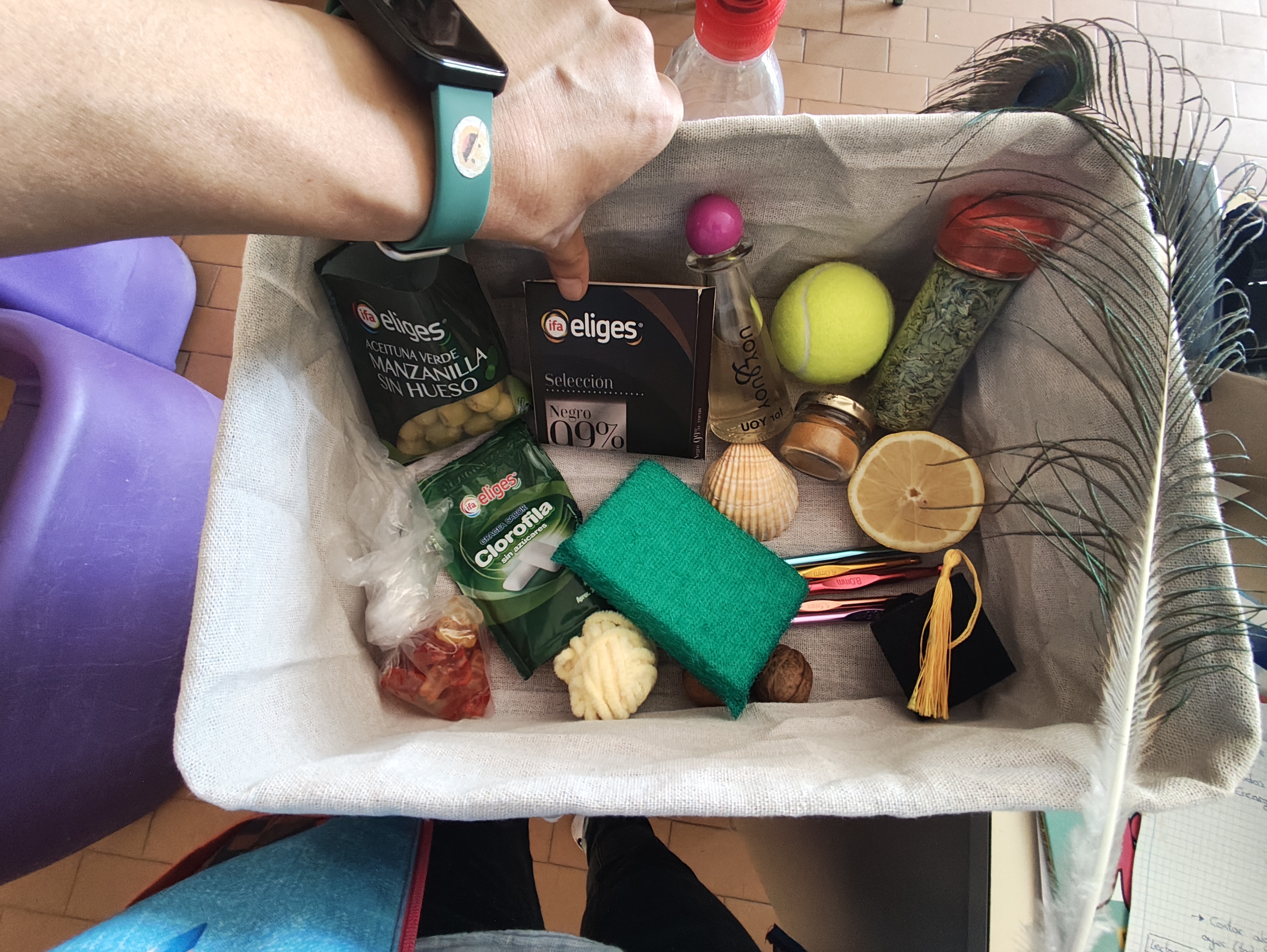 - Tacto: lana muy suave, concha y nueces rugosas, estropajo áspero, agujas de metal frías y forma redonda de la pelota.
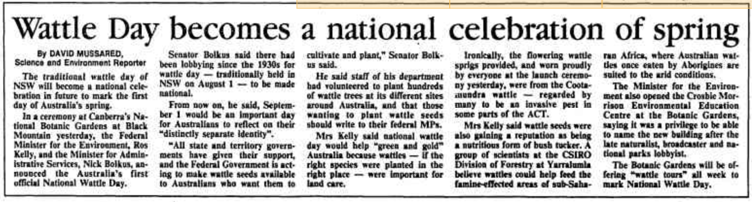 On 23 June 1992, Governor-General Bill Hayden declared that “1 September in each year shall be observed as ‘National Wattle Day’ throughout Australia and in the external Territories of Australia”. (ANBG 2024)
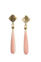 Angelskin coral smooth briolette drop earrings with 18k
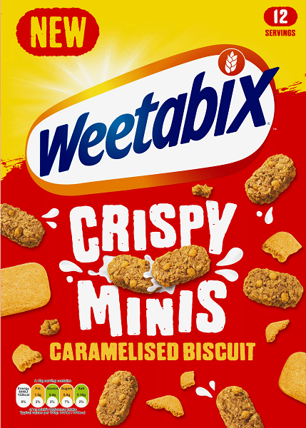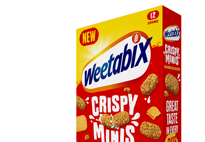 Dive in! Weetabix crispy minis are delicious and crunchy bites made with golden wholegrain wheat. High in fibre and crammed with caramelised biscuit pieces. It’s a super tasty breakfast that’ll go down a treat!
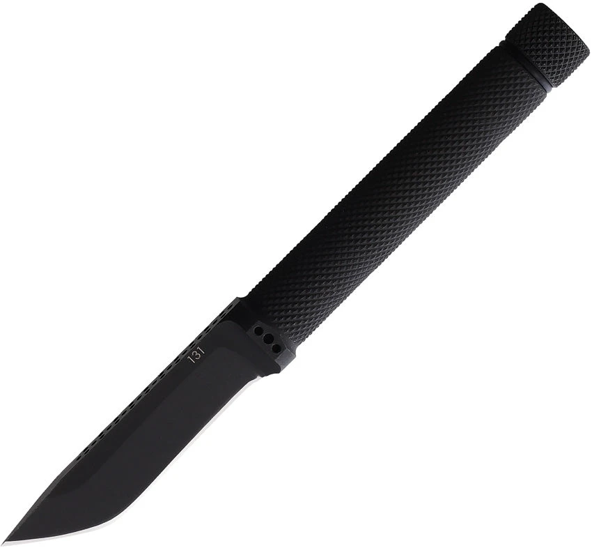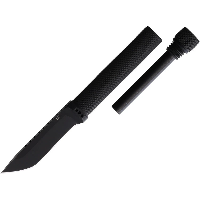 4.5″ (11.43cm) overall. 1.75″ (4.45cm) black finish D2 tool steel blade. Tanto grind blade. Machined from 0.5″ diameter bar-stock. Spine can be used as a ferro rod striker. Ferro rod screws into handle. Kydex neck sheath. Bulk packed.
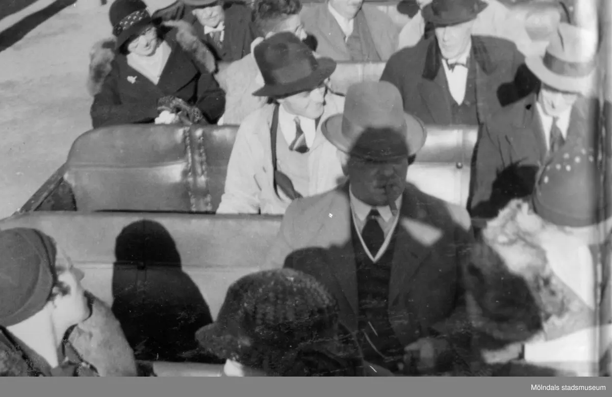 Engelska arkitekter åkandes omnibuss. De var på besök i Göteborg år 1932. Mr Henry Dowling, ordförande i "Incorporated Institute of British Decorators", tog initiativet till resan.
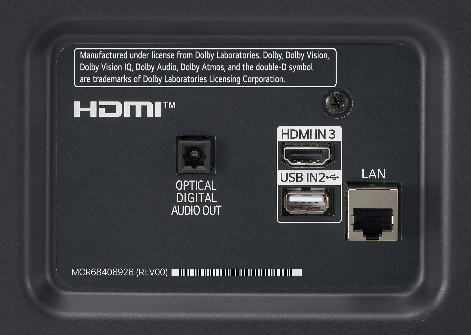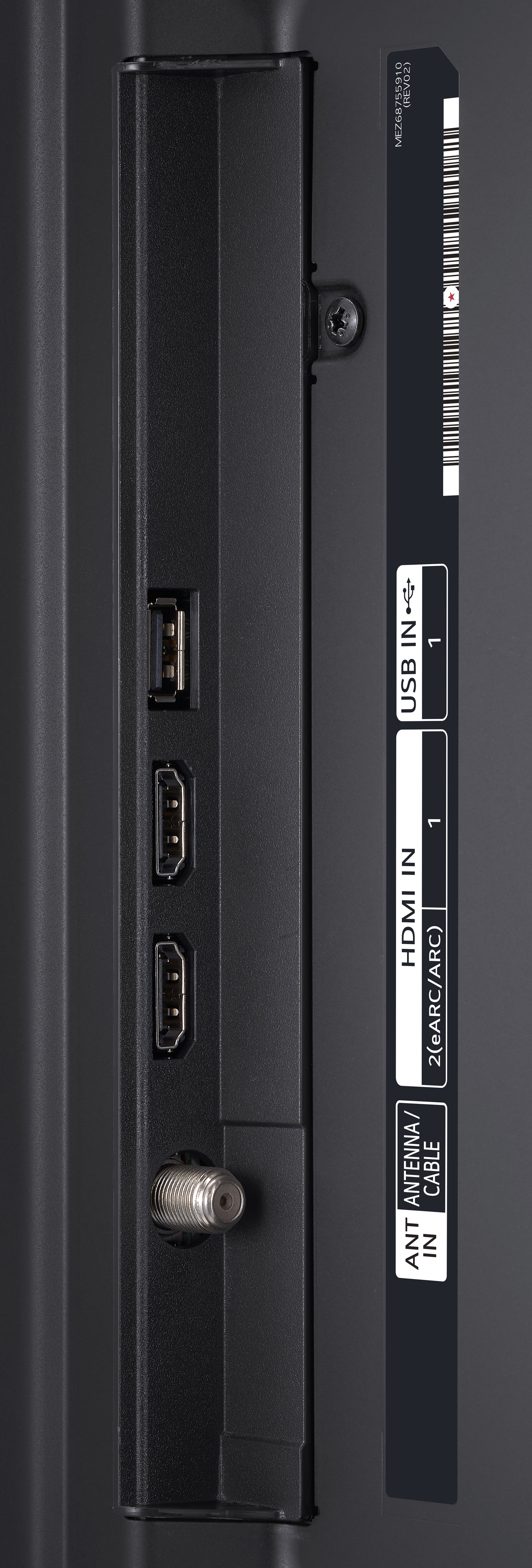 Задняя панель телевизора LG NANO82 оснащена следующими интерфейсами: один порт LAN (со скоростью 100 Мбит/сек), один порт USB (версии 2.0) и один разъем HDMI 2.0. Что касается аудио, то на этой же панели расположен только оптический аудиовыход, выход 3,5" для наушников отсутствует.

######

## ASSIGNED TASK
Leave out the pictures and output the rest of the records exactly.

## TASK ANSWER
 - Tacto: lana muy suave, concha y nueces rugosas, estropajo áspero, agujas de metal frías y forma redonda de la pelota.
 On 23 June 1992, Governor-General Bill Hayden declared that “1 September in each year shall be observed as ‘National Wattle Day’ throughout Australia and in the external Territories of Australia”. (ANBG 2024)
 Angelskin coral smooth briolette drop earrings with 18k
 Dive in! Weetabix crispy minis are delicious and crunchy bites made with golden wholegrain wheat. High in fibre and crammed with caramelised biscuit pieces. It’s a super tasty breakfast that’ll go down a treat!
 4.5″ (11.43cm) overall. 1.75″ (4.45cm) black finish D2 tool steel blade. Tanto grind blade. Machined from 0.5″ diameter bar-stock. Spine can be used as a ferro rod striker. Ferro rod screws into handle. Kydex neck sheath. Bulk packed.
 Engelska arkitekter åkandes omnibuss. De var på besök i Göteborg år 1932. Mr Henry Dowling, ordförande i "Incorporated Institute of British Decorators", tog initiativet till resan.
 Задняя панель телевизора LG NANO82 оснащена следующими интерфейсами: один порт LAN (со скоростью 100 Мбит/сек), один порт USB (версии 2.0) и один разъем HDMI 2.0. Что касается аудио, то на этой же панели расположен только оптический аудиовыход, выход 3,5" для наушников отсутствует.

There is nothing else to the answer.